Monday 14 October 2024

TERRIFIER 3

CONTAINS SPOILERS

Well, I've only myself to blame. I did wonder, when I saw Terrifier 2 a couple of years ago, whether I'd bother with a third instalment in a series that started very unremarkably and plummeted immediately into the lowest kind of loathsome, noxious sludge. It seemed unlikely that the series would immediately improve to the point where it suddenly became quality horror and its bogeyman figure Art The Clown would attain the status of bona fide slasher icon, up there at the top table with Michael and Jason and Leatherface. Yet even with the lowest of expectations, I was unprepared for just what a miserable, joyless and utterly boring experience this film turned out to be. On at least two occasions I was tempted to walk out because this is easily one of the worst, most despicable horror movies I've seen in years, if not decades. If there is such a thing as the pornography of violence then Terrifier 3 is probably as close as you'll get. 

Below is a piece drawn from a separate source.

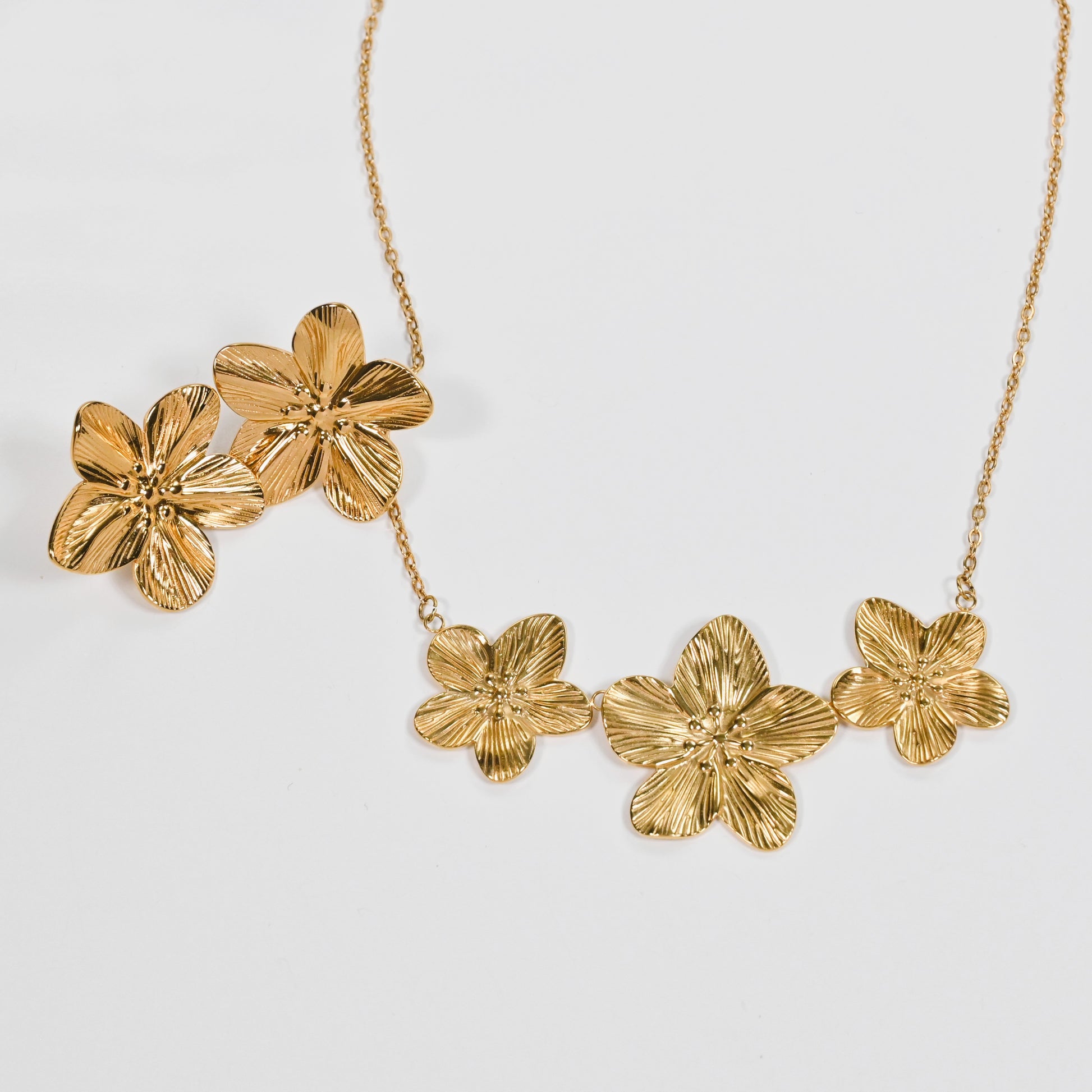 Delicate and feminine, this flower-design necklace and pair of earrings add a touch of nature and elegance to any outfit. Crafted in Stainless Steel, its detailed and subtle design makes it a perfect accessory for everyday wear or special occasions.

The synopsis of this mindless, infantile drivel is basically: Art The Clown turns up yet again and butchers a bunch of people. He seems to be targeting Sienna (Lauren LaVera) from the first two movies, but will happily also hack to pieces pretty much anyone who turns up. Sienna has been in a psychiatric hospital since Terrifier 2 and is now released to extended family; meanwhile the reborn Art has sat in a chair for five years until a couple of demolition guys turn up to knock his hideout down. Then it's carnage galore: it's Christmas so Art dresses up as Santa... and butchers a bunch of people.

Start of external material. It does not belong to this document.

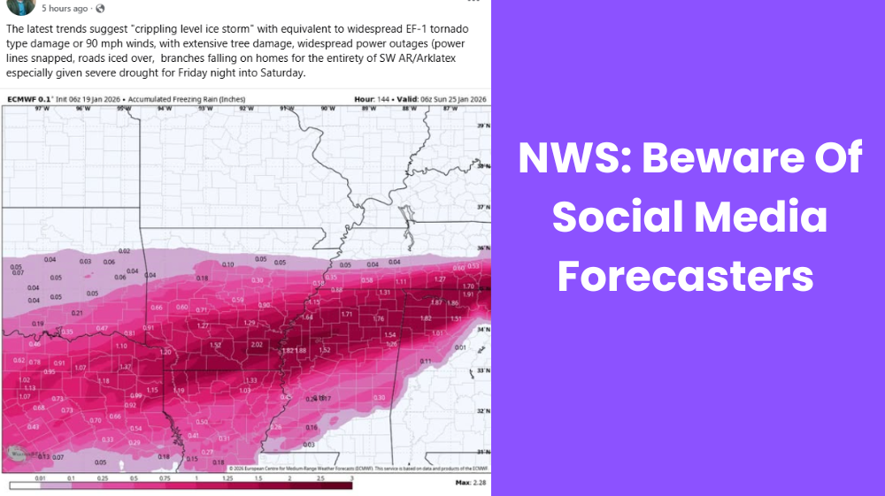 Residents across Southern Arkansas are encouraged to monitor official forecasts, avoid sharing unverified weather graphics, and continue checking updates as confidence in the forecast improves.

The trouble with Terrifier 3 is exactly the same as with Terrifier 2: it doesn't know when to stop. That's because Damien Leone, the auteur responsible for this utter garbage, doesn't know either. He's not even aware that there is actually a line in the sand, or that the line might be there for a good reason. Art's first victim here is a boy of about nine, hacked to death with an axe for absolutely no narrative reason at all. (The actual killing happens off camera, but the bloody mutilated corpse is presented for us all to enjoy, hahaha, pass the popcorn.) And midway through the film is a scene in which Art The Clown leaves a parcel bomb in a shopping centre Santa's Grotto to be opened by a small child. It's a cheap, tawdry shock moment that's only there for a sick laugh: if this is a joke, it's an Arthur Fleck joke. Even Leone is surely aware at this point of that line being crossed as one character reacts to the news coverage: "was it a terrorist incident?". To which the answer is actually yes, it was, and Art The Clown is actually a figure that should be dealt with by the FBI, SWAT teams, the Secret Service and Chuck Norris, and not a traumatised teenage mental patient with a magic sword.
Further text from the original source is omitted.